What this task involves: The line containing "नेपालगन्ज । एक" marks the end: copy exactly every line from the start of the records below up to and including it, leaving out pictures.
Provided data section start
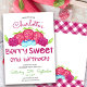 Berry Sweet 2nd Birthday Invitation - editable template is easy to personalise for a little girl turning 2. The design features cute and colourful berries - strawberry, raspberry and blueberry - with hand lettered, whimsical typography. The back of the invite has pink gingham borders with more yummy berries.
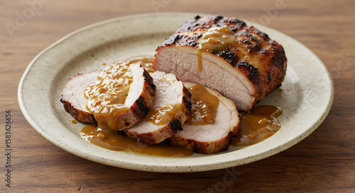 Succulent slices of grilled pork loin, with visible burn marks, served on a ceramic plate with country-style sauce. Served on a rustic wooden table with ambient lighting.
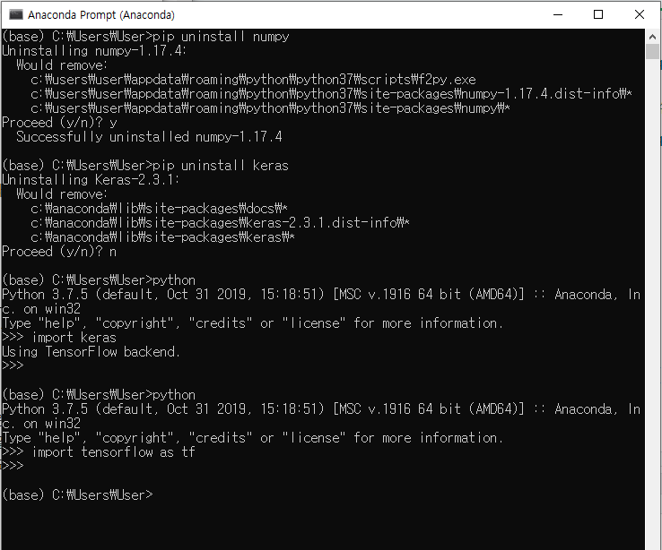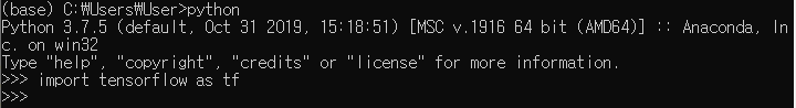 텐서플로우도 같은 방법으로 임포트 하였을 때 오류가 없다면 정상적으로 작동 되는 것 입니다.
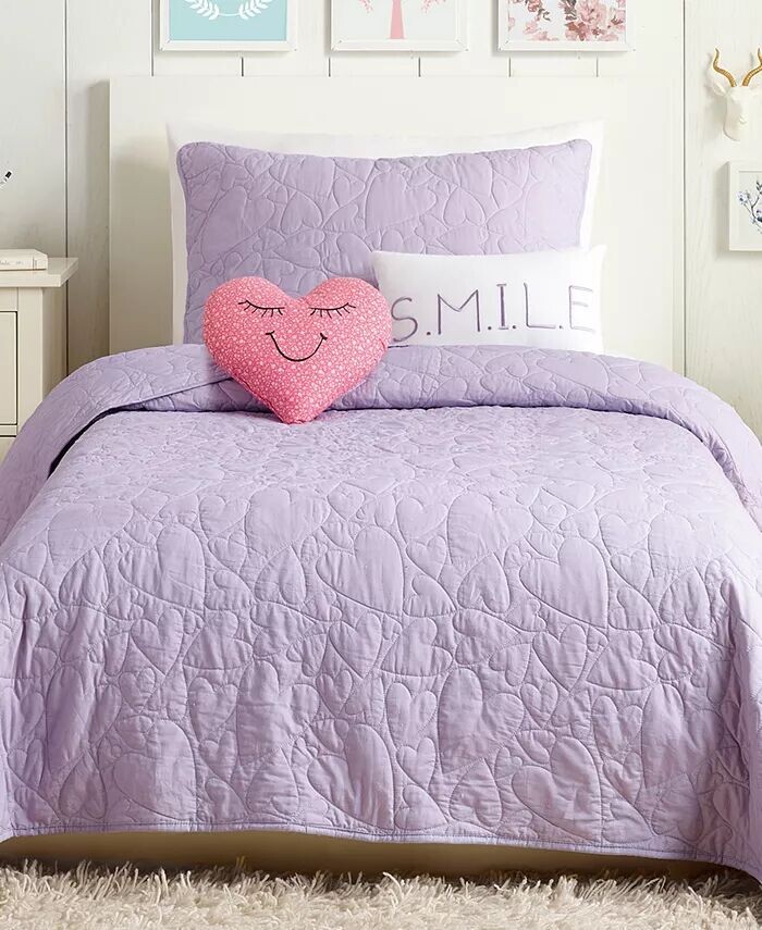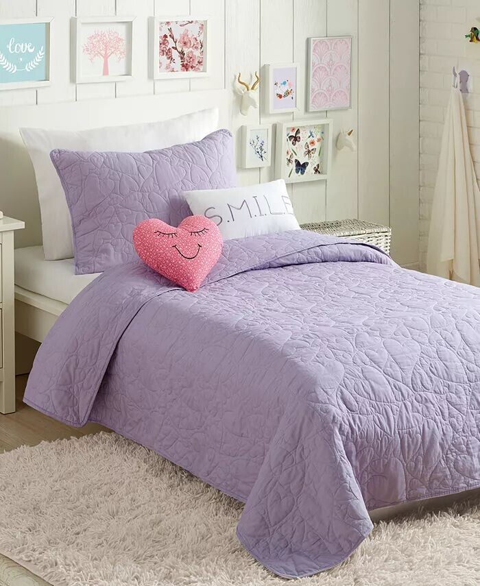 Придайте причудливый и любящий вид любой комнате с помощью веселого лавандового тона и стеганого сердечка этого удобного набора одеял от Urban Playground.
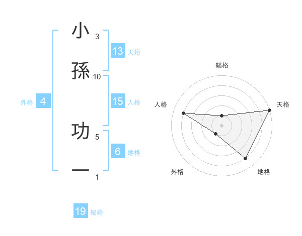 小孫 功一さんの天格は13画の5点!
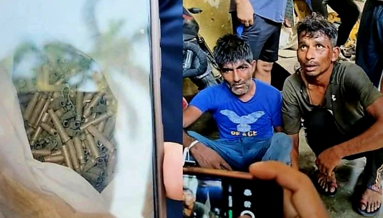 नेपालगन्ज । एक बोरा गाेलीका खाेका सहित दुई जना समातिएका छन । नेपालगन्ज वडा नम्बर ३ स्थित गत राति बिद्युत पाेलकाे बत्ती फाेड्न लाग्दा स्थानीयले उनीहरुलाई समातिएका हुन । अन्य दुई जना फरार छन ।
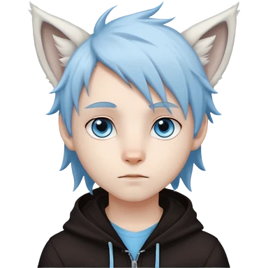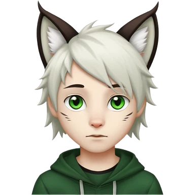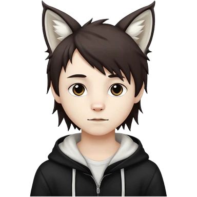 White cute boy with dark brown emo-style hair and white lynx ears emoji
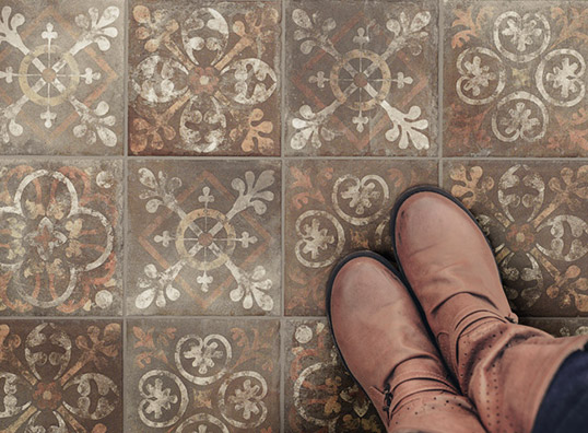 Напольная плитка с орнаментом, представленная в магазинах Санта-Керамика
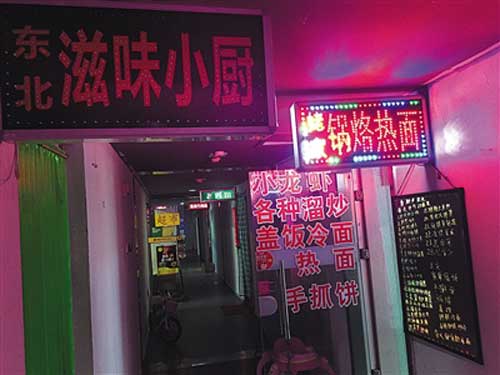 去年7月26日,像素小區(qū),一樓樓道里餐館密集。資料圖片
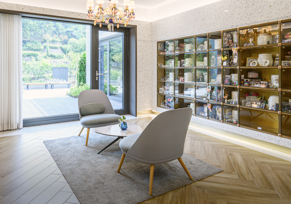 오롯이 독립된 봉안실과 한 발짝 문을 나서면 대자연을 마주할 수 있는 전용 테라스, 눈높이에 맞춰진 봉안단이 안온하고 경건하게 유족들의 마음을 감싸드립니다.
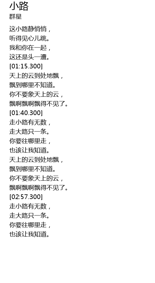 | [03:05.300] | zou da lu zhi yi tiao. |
Provided data section end
Written solution:
 Berry Sweet 2nd Birthday Invitation - editable template is easy to personalise for a little girl turning 2. The design features cute and colourful berries - strawberry, raspberry and blueberry - with hand lettered, whimsical typography. The back of the invite has pink gingham borders with more yummy berries.
 Succulent slices of grilled pork loin, with visible burn marks, served on a ceramic plate with country-style sauce. Served on a rustic wooden table with ambient lighting.
 텐서플로우도 같은 방법으로 임포트 하였을 때 오류가 없다면 정상적으로 작동 되는 것 입니다.
 Придайте причудливый и любящий вид любой комнате с помощью веселого лавандового тона и стеганого сердечка этого удобного набора одеял от Urban Playground.
 小孫 功一さんの天格は13画の5点!
 नेपालगन्ज । एक बोरा गाेलीका खाेका सहित दुई जना समातिएका छन । नेपालगन्ज वडा नम्बर ३ स्थित गत राति बिद्युत पाेलकाे बत्ती फाेड्न लाग्दा स्थानीयले उनीहरुलाई समातिएका हुन । अन्य दुई जना फरार छन ।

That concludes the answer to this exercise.